Vitiligo
Created: 09.01.2025
Updated 09.01.2025
Approved by: Consultant Dermatologist, Dr James Denny
What is Vitiligo?
Vitiligo is a skin disorder in which white patches of skin appear on different parts of the body. This happens because the cells that produce melanin, which is responsible for skin, eye, and hair colour, die or stop functioning.
Why do you get Vitiligo?
Vitiligo usually occurs in early adulthood and affects men and women equally often. It is often found in families and is probably an autoimmune disease and possibly related to other types of autoimmune diseases such as lupus. The cause is a loss of melanocytes, the cells that contain the dye melanin and make your skin darker when you sunbathe.
What are the treatments?
Light treatment (phototherapy) has been shown to delay the spread of vitiligo and topical treatment of the skin with immunosuppressive creams or steroids may confer some benefit.
Ruxolitinib (Opzelura) is a new topical biologic therapy called a JAK inhibitor which is arriving in the UK any day now and will be available to you as soon as it does.
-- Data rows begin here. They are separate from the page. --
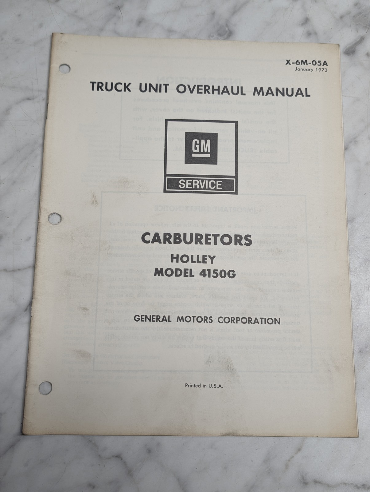 Gm Truck Unit Overhaul Manual Carburetor Holley 4150G Service X-6M-05A 1973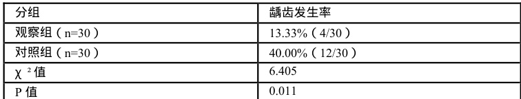 2.1 对比两组患儿的龋齿发生率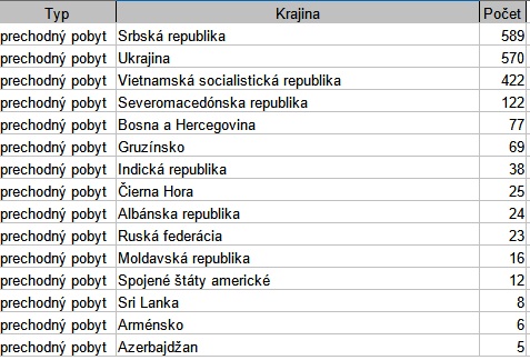 Prechodným pobytom disponuje 2 077 cudzích štátnych príslušníkov. Najväčšie skupiny medzi nimi tvoria občania Srbska, Ukrajiny a Vietnamu. Celkovo ide o osoby pochádzajúce zo 43 krajín sveta.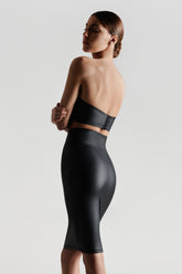 Matte leather effect bustier bra. Half-moon underwired cups without pads . Lined on the front and the cups for a seamless appearance. The collection's signature "feti-chic" ring embellishes the décolleté, inviting you to attach it. Adjustable hook-and-eye fastening on the back.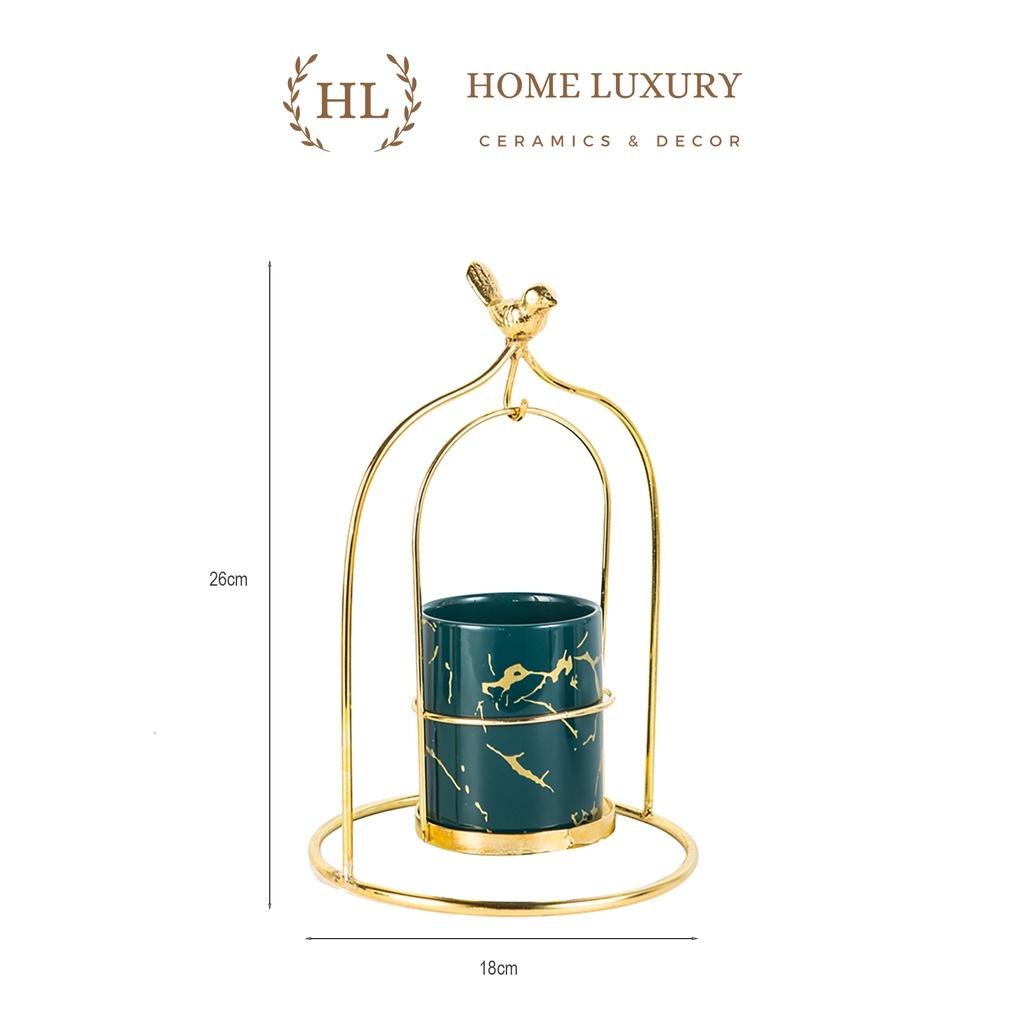 Lồng chim decor đựng dĩa , thìa đồ ăn trang trí , thiết kế độc đáo , hình lồng chim mạ vàng , cốc bằng sứ thiết kế theo phong cách bắc âu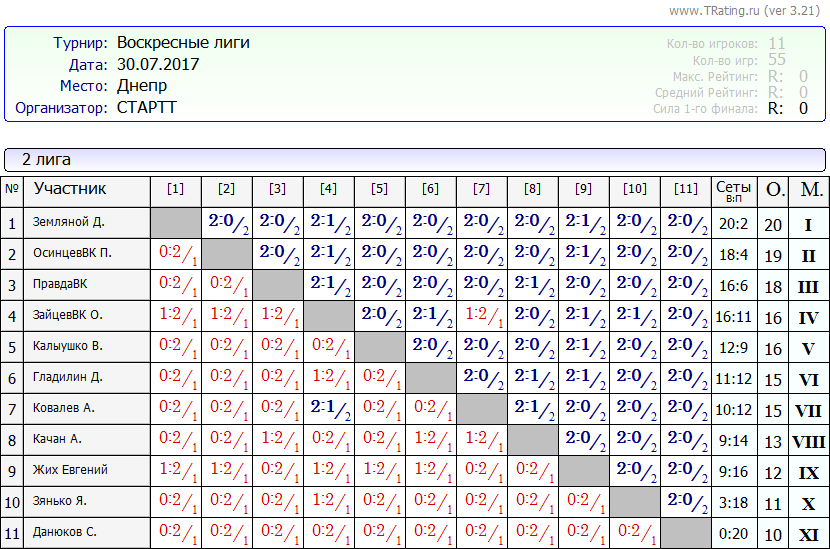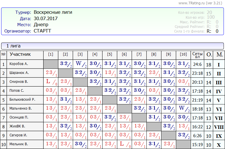 Результаты Воскресных лиг от 30.07.2017г

How beneficial this will be is not clear.
Most people who get vitiligo try to avoid the sun because they do not want a tan that makes the white areas clearer. This may not make a significant difference for people with darker skin, for obvious reasons.
Aside from the this, cosmetic camouflage is also a mainstay option.
What is the prognosis?
Vitiligo that occurs locally on a small area of the body is most often self-limiting. In most cases, it stabilises quickly and does not spread further.
Vitiligo on larger parts of the body, on the other hand, can continue to develop over several years before it stabilises, but can then begin to spread again. Vitiligo that affects the entire skin is extremely rare.